Rapid and Participatory Publishing

Here are the slides from another presentation I gave at ASAE’s Great Ideas conference: Rapid and Participatory Publishing. In this presentation I discuss two cases of traditional book publishers who have leveraged the Web to enhance and extend their publishing efforts. These models are a great fit for most associations that have existing publishing operations. The short-form ebook model could also be a good option for an organization looking to get into book publishing.

I have an article discussing this material forthcoming in ASAE’s Journal of Association Leadership. The new issue with my article should be out this month.
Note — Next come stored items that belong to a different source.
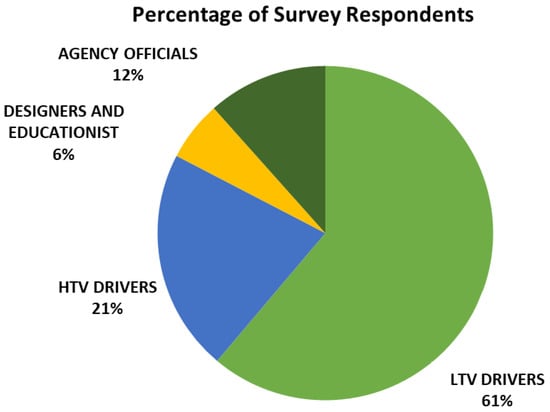 In Pakistan, getting driver reviews is difficult due to the variability in driver characteristics based on their level of education. Therefore, it was decided that each participant should be personally interviewed in a roadside survey to obtain a complete and sincere response. It also ensured the inclusion of a variety of survey respondents, mainly commercial vehicle users. A total of 400 individuals with diverse sociodemographic backgrounds were interviewed. Survey respondents were divided into four groups: LTV (light transport vehicle) drivers, HTV (heavy transport vehicles) drivers, agency officials, and educationists. The category of LTV drivers included respondents of private cars, taxis, and wagons, whereas HTV drivers included respondents of buses, trucks, and trailers. The percentage of each group is shown in Figure 2. Salient details of respondents include: (a) 89% were male; (b) 63% had a driving experience between 5 and 20 years: (c) 72% of the survey respondents had adequate knowledge of traffic rules and regulations; (d) 57% of the participants reported driving more than 100 km per day on open-access multilane highways, which ensured the efficacy of collected data.
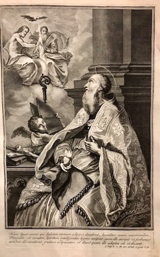 Folio (cm. 38,5), 10 cc.nn., 888 colonne. Ritratto di Sant’Agostino inciso da Francesco Zucchi in antiporta. Frontespizio in rosso e nero con vignetta calcografica. Ritratto del doge Alvise Pisani cui l’opera è dedicata. Belle testate calcografiche, num.si capiletttera e fregi xilografici n.t. Testo su due colonne. Cartonato coevo (leggermente allentato). Esemplare di assoluta freschezza ed in ottimo stato di conservazione. Solo questo primo Tomo degli undici di cui si compone questa edizione dell’opera omnia di Sant’Agostino. Oltre ai tredici Libri delle Confessioni, in questo primo tomo sono presenti il De Libero Arbitrio, il De Vera Religione, il De Musica, il De Beata Vita, il De Immortalitate Animae, ecc.
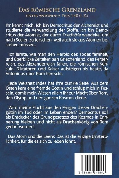 Das römische Grenzland unter Antoninus Pius (140 u. Z.):Ihr kennt mich. Ich bin Democritus der Alchemist und studierte die Verwandlung der Stoffe, ich bin Democritus der Atomist, der durch Friedhöfe wandelte, um nach Seelen zu forschen, weil auch sie aus Atomen bestehen müssen.Ich lernte, wie man den Herold des Todes fernhält, und überblicke Zeitalter, sah Griechenland, das Perserreich, das Alexanderreich fallen, die römischen Konsuln, Diktatoren und Kaiser aufsteigen bis heute, da Antoninus über Rom herrscht.Jede Weisheit indes hat ihre dunkle Seite. Aus dem Osten kam eine fremde Göttin und schlug mich in Fesseln, damit mein Wissen allein ihr zur Macht über Rom, den Olymp und den ganzen Kosmos diene.Wird meine Flucht aus den Fängen dieser Drachengöttin im Tod oder im Leben enden? Democritus soll als Entdecker des Grundgesetzes des Kosmos in Erinnerung bleiben und nicht als Drachenkönig von Rom geehrt werden!Das Atom und die Leere: Das ist die einzige Unsterblichkeit, für die es sich zu leben lohnt.
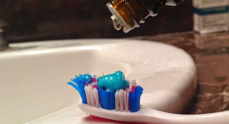 - Используют 2-3 капли масла, размещенного на зубную пасту, набранную на щетку во время обычной процедуры чистки зубов.
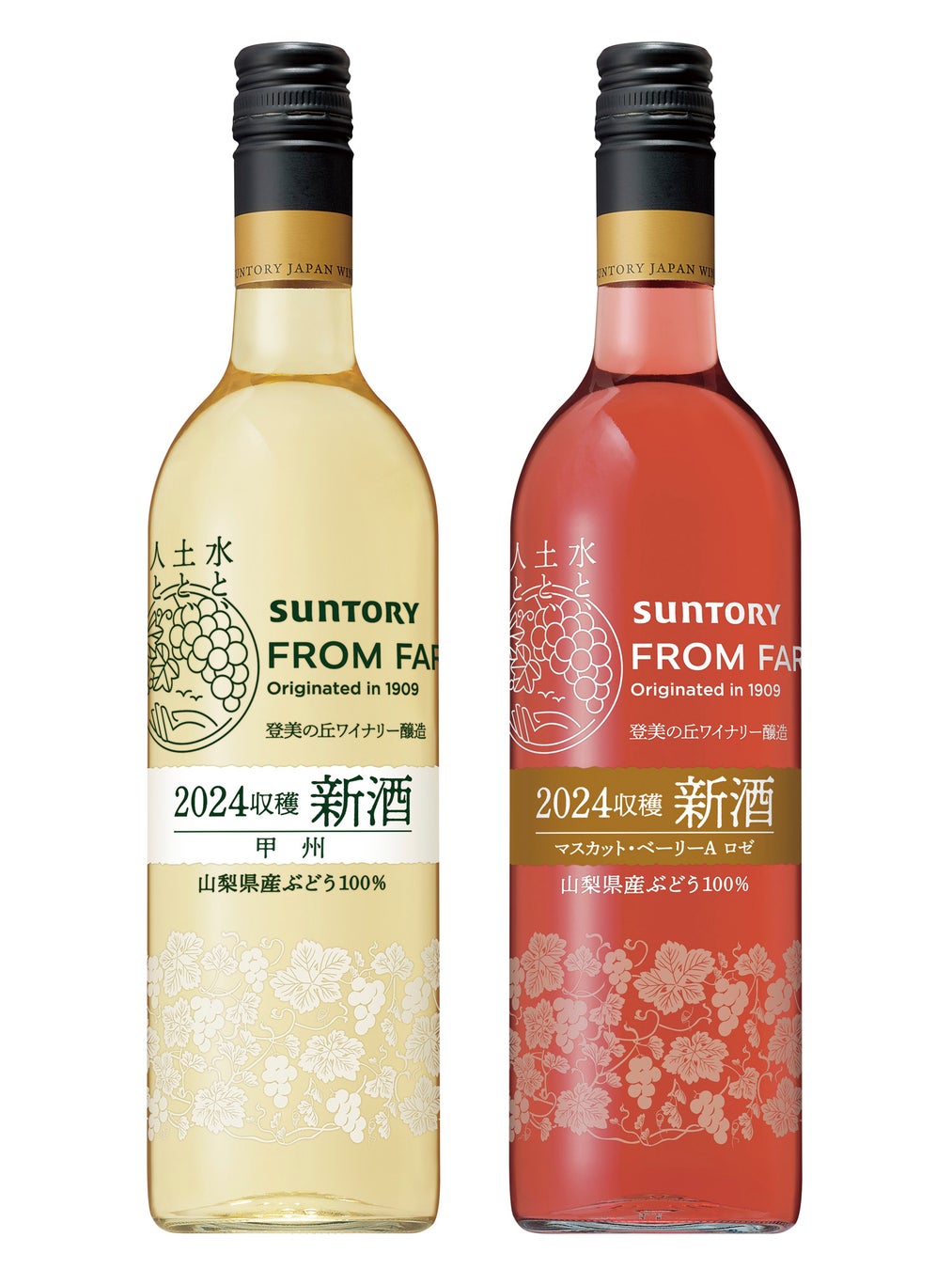 サントリー(株)は、日本ワインブランド「SUNTORY FROM FARM」より、品種シリーズとして「同 新酒 甲州 2024」「同 新酒 マスカット・ベーリーA ロゼ 2024」を11月3日(日・祝)から全国で数量限定新発売します。
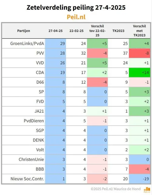 Maurice de Hond is in lijn met de trend. GL/PvdA wint, CDA wint veel, extreemrechts schrompelt ineen.
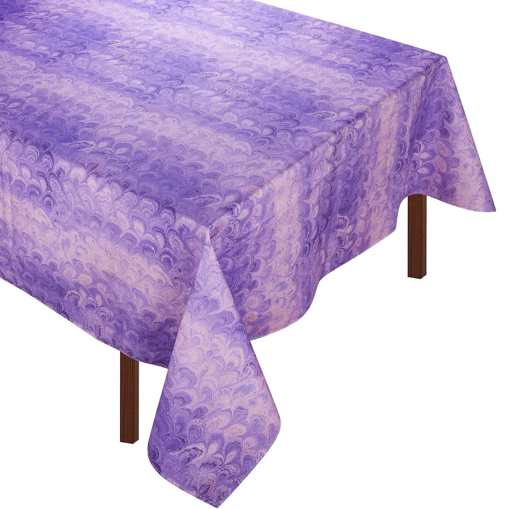 This lilac marble-patterned, rectangular tablecloth is available in 2 sizes.
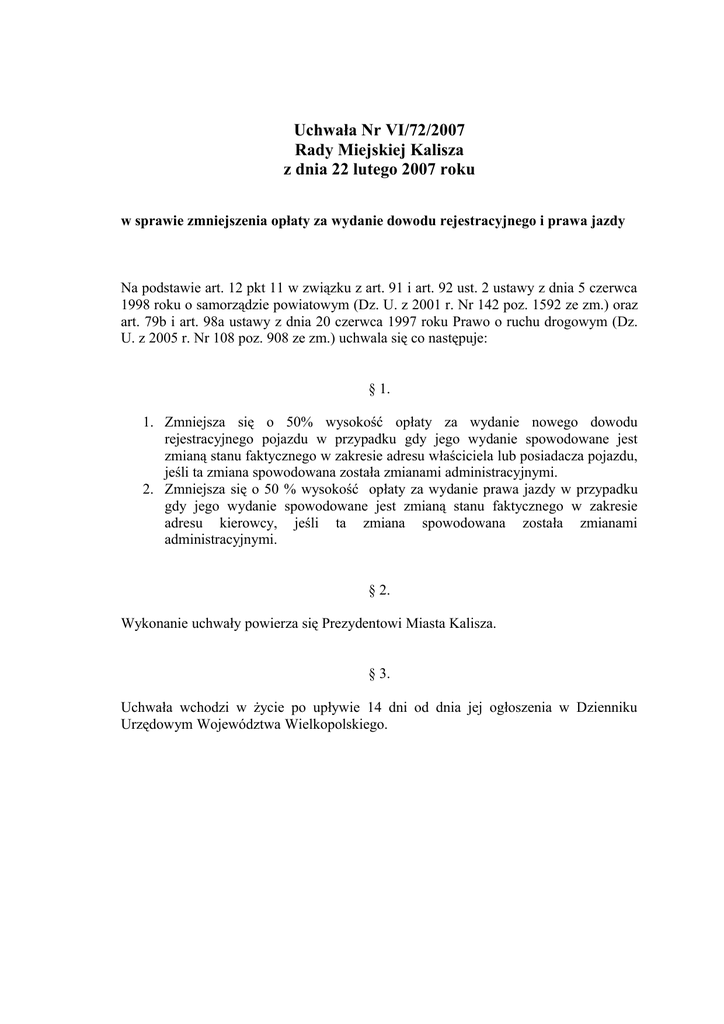 Uchwała Nr VI/72/2007 Rady Miejskiej Kalisza z dnia 22 lutego 2007 roku w sprawie zmniejszenia opłaty za wydanie dowodu rejestracyjnego i prawa jazdy Na podstawie art. 12 pkt 11 w związku z art. 91 i art. 92 ust. 2 ustawy z dnia 5 czerwca 1998 roku o samorządzie powiatowym (Dz. U. z 2001 r. Nr 142 poz. 1592 ze zm.) oraz art. 79b i art. 98a ustawy z dnia 20 czerwca 1997 roku Prawo o ruchu drogowym (Dz. U. z 2005 r. Nr 108 poz. 908 ze zm.) uchwala się co następuje: § 1. 1. Zmniejsza się o 50% wysokość opłaty za wydanie nowego dowodu rejestracyjnego pojazdu w przypadku gdy jego wydanie spowodowane jest zmianą stanu faktycznego w zakresie adresu właściciela lub posiadacza pojazdu, jeśli ta zmiana spowodowana została zmianami administracyjnymi. 2. Zmniejsza się o 50 % wysokość opłaty za wydanie prawa jazdy w przypadku gdy jego wydanie spowodowane jest zmianą stanu faktycznego w zakresie adresu kierowcy, jeśli ta zmiana spowodowana została zmianami administracyjnymi. § 2. Wykonanie uchwały powierza się Prezydentowi Miasta Kalisza. § 3. Uchwała wchodzi w życie po upływie 14 dni od dnia jej ogłoszenia w Dzienniku Urzędowym Województwa Wielkopolskiego. Uzasadnienie do uchwały Nr VI/72/2007Rady Miejskiej Kalisza z dnia 22 lutego 2007 roku w sprawie zmniejszenia opłaty za wydanie dowodu rejestracyjnego i prawa jazdy Wysokość opłaty za wydanie dowodu rejestracyjnego reguluje rozporządzenie Ministra Infrastruktury z dnia 22 grudnia 2003 roku w sprawie wysokości opłat za wydanie dowodu rejestracyjnego, pozwolenia czasowego i tablic (tablicy) rejestracyjnych pojazdów (Dz. U. Nr 230 poz. 2302 ze zm.). Aktualnie opłata ta wynosi 48 zł. Wysokość opłaty za wydanie prawa jazdy reguluje rozporządzenie Ministra Infrastruktury z dnia 11 grudnia 2003 roku w sprawie wysokości opłat i stawek wynagrodzenia za sprawdzenie kwalifikacji oraz za wydanie dokumentów w tych sprawach (Dz. U. Nr 219 poz.2162 ze zm.). Aktualnie opłata ta wynosi 70 zł. W dniu 3 stycznia 2007 r weszła w życie ustawa z dnia 17 listopada 2006 roku o zmianie ustawy o transporcie drogowym oraz o zmianie ustawy – Prawo o ruchu drogowym (Dz. U. Nr 235 poz.1701). Ustawodawca nowelizując ustawę Prawo o ruchu drogowym upoważnił radę powiatu do zmniejszenia lub zwolnienia z opłaty za wydanie dowodu rejestracyjnego pojazdu i prawa jazdy w przypadku, gdy wydanie tych dokumentów związane jest ze zmianą administracyjną adresu właściciela pojazdu czy też kierowcy. Obowiązek zgłaszania zmian danych dot. właściciela pojazdu i kierowcy wynika z ustawy z dnia 20 czerwca 1997 roku Prawo o ruchu drogowym (Dz. U. z 2005 r Nr 108 poz. 908 ze zm.)i tak zgodnie z: - art. 78 ust. 2 pkt 2 ustawy właściciel pojazdu zarejestrowanego jest zobowiązany zawiadomić w terminie 30 dni starostę o zmianie stanu faktycznego wymagającej zmiany danych zamieszczonych w dowodzie rejestracyjnym – zmiana ta skutkuje wymianą dowodu rejestracyjnego, - art. 98 ust.1 ustawy osoba posiadająca uprawnienia do kierowania pojazdem jest zobowiązana niezwłocznie zawiadomić starostę o zmianie stanu faktycznego wymagającego zmiany danych zawartych w prawie jazdy - również ta zmiana skutkuje wymianą prawa jazdy. Zmniejszenie opłat za wydanie dowodu rejestracyjnego i prawa jazdy o 50 % z jednej strony pozwoli zmniejszyć obciążenie finansowe osób wymieniających te dokumenty, a z drugiej strony pozwoli w znacznej mierze pokryć koszty wyprodukowania tych dokumentów jakie zobowiązani jesteśmy ponosić na rzecz Polskiej Wytwórni Papierów Wartościowych . Aktualnie opłaty te wynoszą za dowód rejestracyjny 20,22 zł + 22% VAT i za prawo jazdy 37,82 zł + 22% VAT.
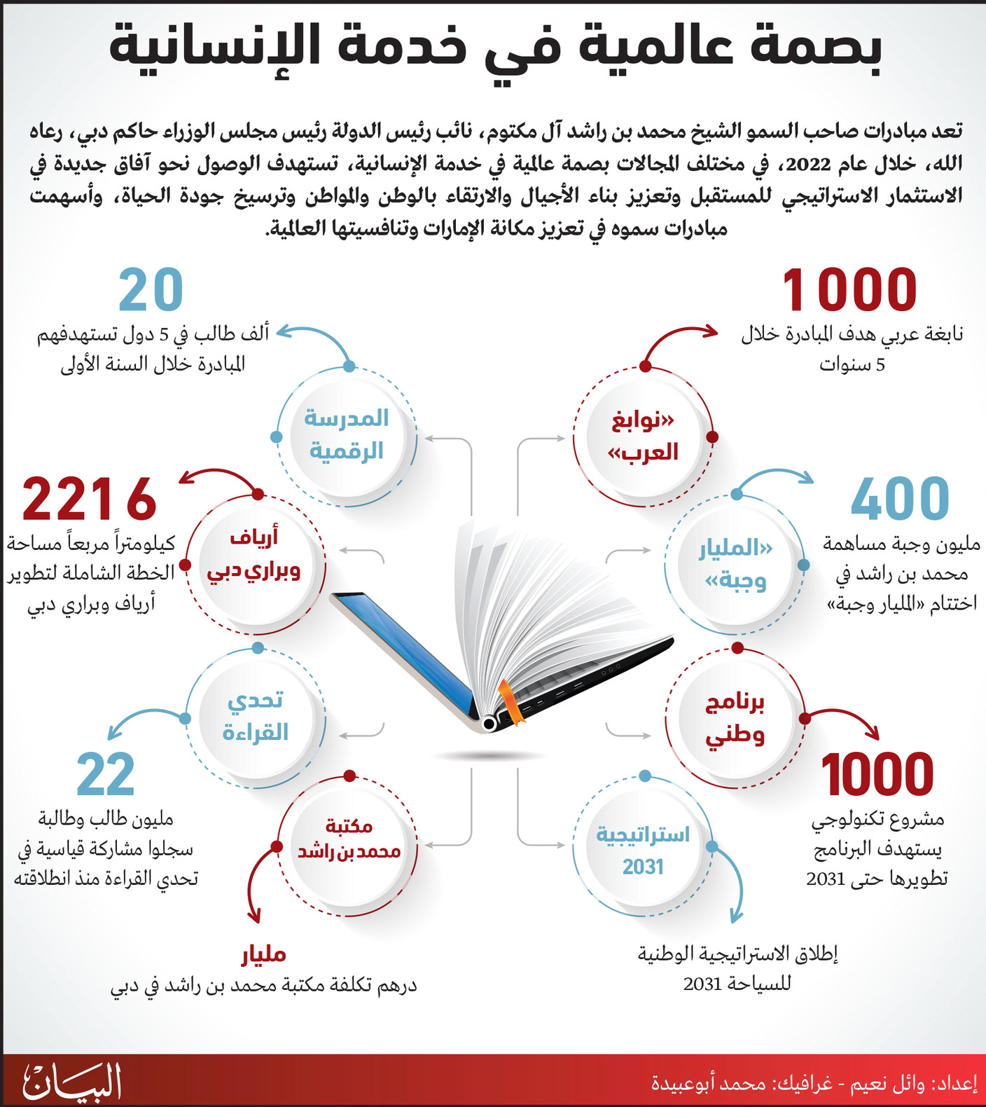 أطلق صاحب السمو الشيخ محمد بن راشد آل مكتوم نائب رئيس الدولة رئيس مجلس الوزراء حاكم دبي، رعاه الله، خلال عام 2022 العديد من الاستراتيجيات والمبادرات والبرامج الوطنية، وأصدر سموه قوانين ومراسيم وقرارات وتوجيهات، أسهمت في استشراف المستقبل وصناعته، ورسمت رؤية سموه خريطة طريق لمسيرة نجاح الوطن وإسعاد المواطن، وأسهمت في تعزيز جودة الحياة وتسريع تحقيق مستهدفات رؤية الإمارات المستقبلية في شتى المجالات، وركزت على استخدام التكنولوجيا للارتقاء بالقطاعات الرئيسية المرتبطة بحياة الإنسان وتوظيف الابتكار والتقنيات الحديثة في مختلف مجالات العمل والحياة، إضافة إلى تعزيز الخدمات الحكومية والبنية التحتية في الدولة، لخدمة الوطن والمواطن.
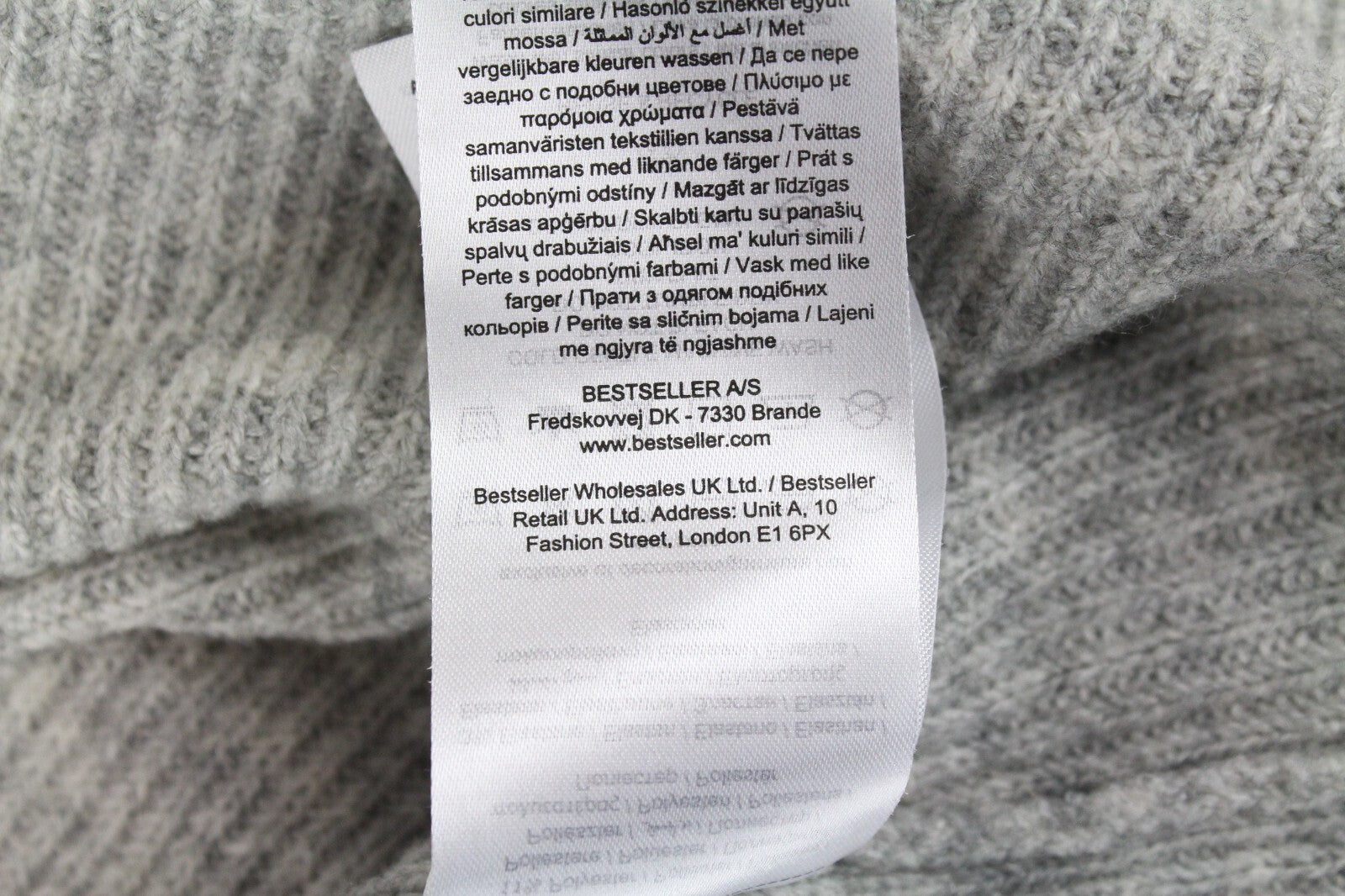 Vero Moda Womens Sweater XL Grey Melange High Neck Long Back Tight-Knitted
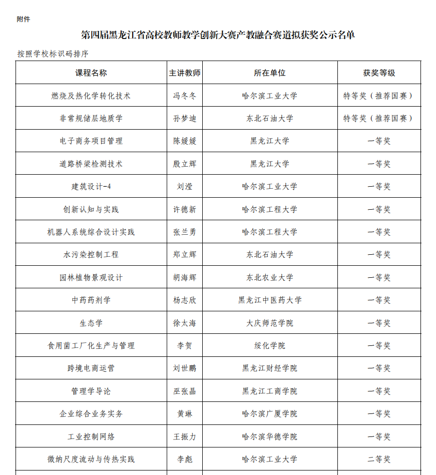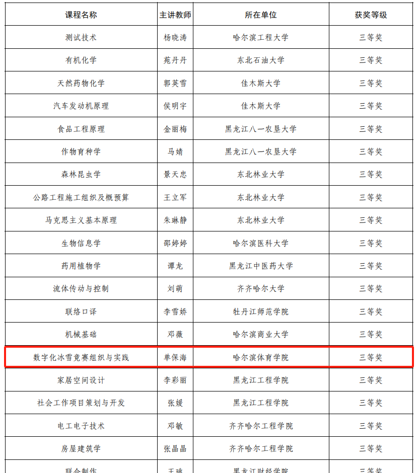 近日,第四届全国高等学校教师教学创新大赛产教融合赛道黑龙江赛区获奖名单公布。我校首次组织教师参赛并在比赛中喜获佳绩,我校体育科学研究院单保海教师团队荣获三等奖。
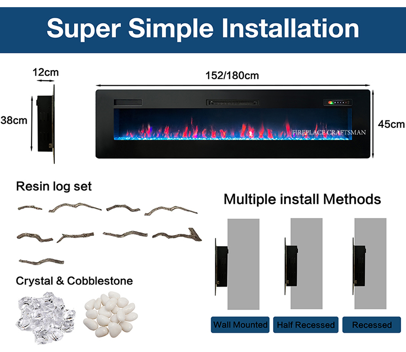 Į sieną montuojami elektriniai židiniai plačiai naudojami viešbučiuose, apartamentuose, biuruose ir komercinėse patalpose.
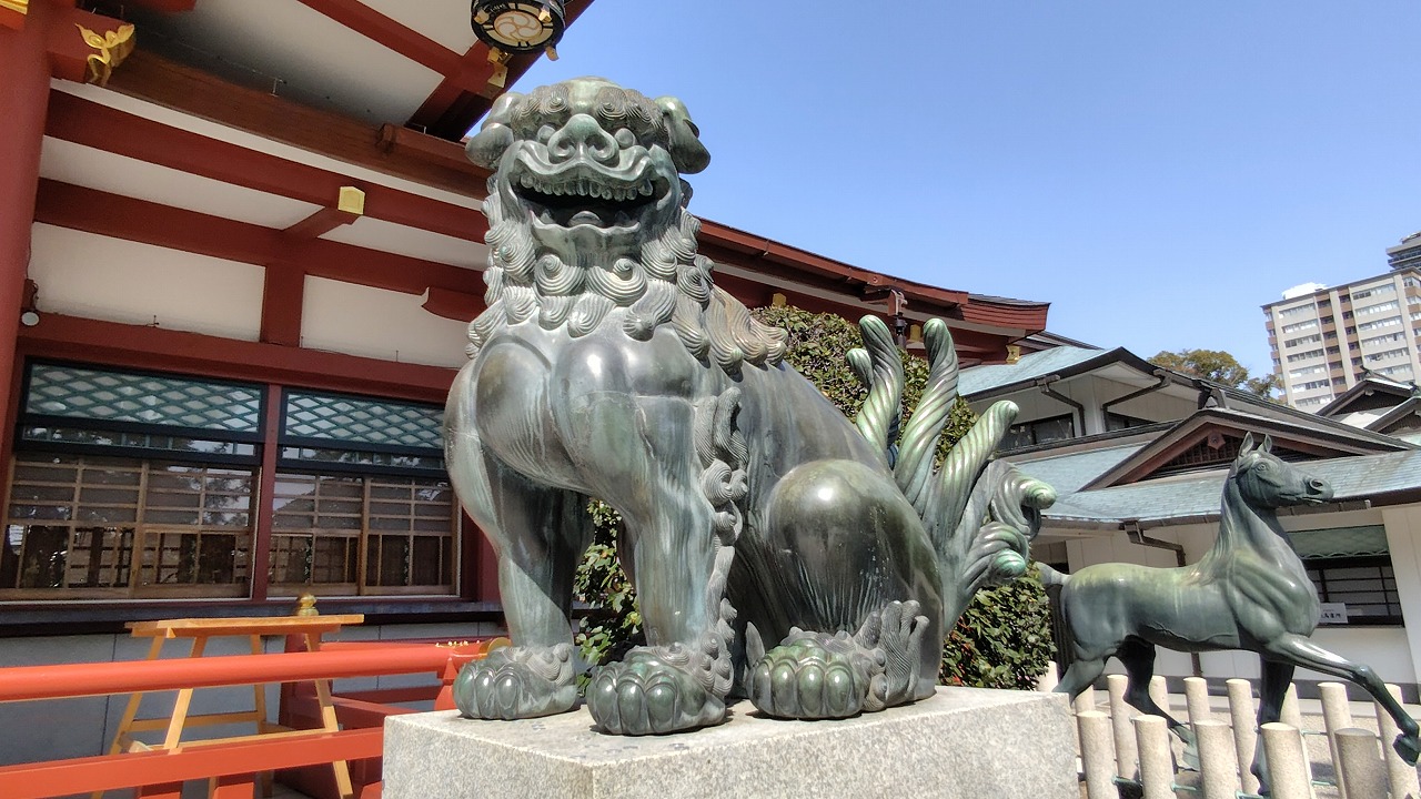 拝殿前のブロンズ製の狛犬様。足が大きくて尻尾がうねっていました^^;

4 thoughts on “Rapid and Participatory Publishing

  1. I would have loved to have attended this session Dave! I don’t know how I missed it but I can say that just reviewing your slides planted a number of ideas that would be beneficial to my organization and others like it who are looking for new ways to leverage their online communities and have them demonstrate thought leadership through collaborative efforts.

    A question that comes to mind though, not directly related to the idea itself but rather the culture of the organizations who would try to do something like this. How do you make it work in all organizations. I see this approach as much more appealing to organizations that are more agile, smaller and more resource constrained as opposed to those that are larger, more global and bureaucratic. So while it may work for some of our component organizations I could never see it even being considered for use at the higher organizational level because of who we are, what we do, and who our customers are.

    I’m not sure if it is arrogance, fear or the WHADITW attitude keeping us from embracing more progressive and innovative types of approaches to many tasks, but I do know that we are probably missing out on a number of great opportunities.

  2. Dave, you put your finger on one of the key things I highlighted in the session: the biggest challenge to making this happen is going to be changing your existing processes. The technology is the easiest part of the whole approach.

    I do think it is possible to do this kind of innovation even in old, sclerotic, organizations. The key to selling it is to emphasize the value of the outcomes rather than the changes you’ll have to make. Another approach is to ask forgiveness rather than permission. ūüôā

  3. I’d be fascinated to hear your thoughts on how Rosenfeld Media compares to these cases of established publishers. Their theory is that books on user experience topics should be created with user experience methodologies. They aren’t focusing on rapid creation, but the niche area, use of feedback, short length, and availability of ebook versions seem very comparable to your examples. Are they likely to see the same benefits?

  4. My personal disappointment with RM is that it has taken so long for their first books to come out. (I want to read them!) I would rather they had the content out faster.

    Going short and slow seems to be the worst of both worlds, even if they are baking in a lot of community feedback.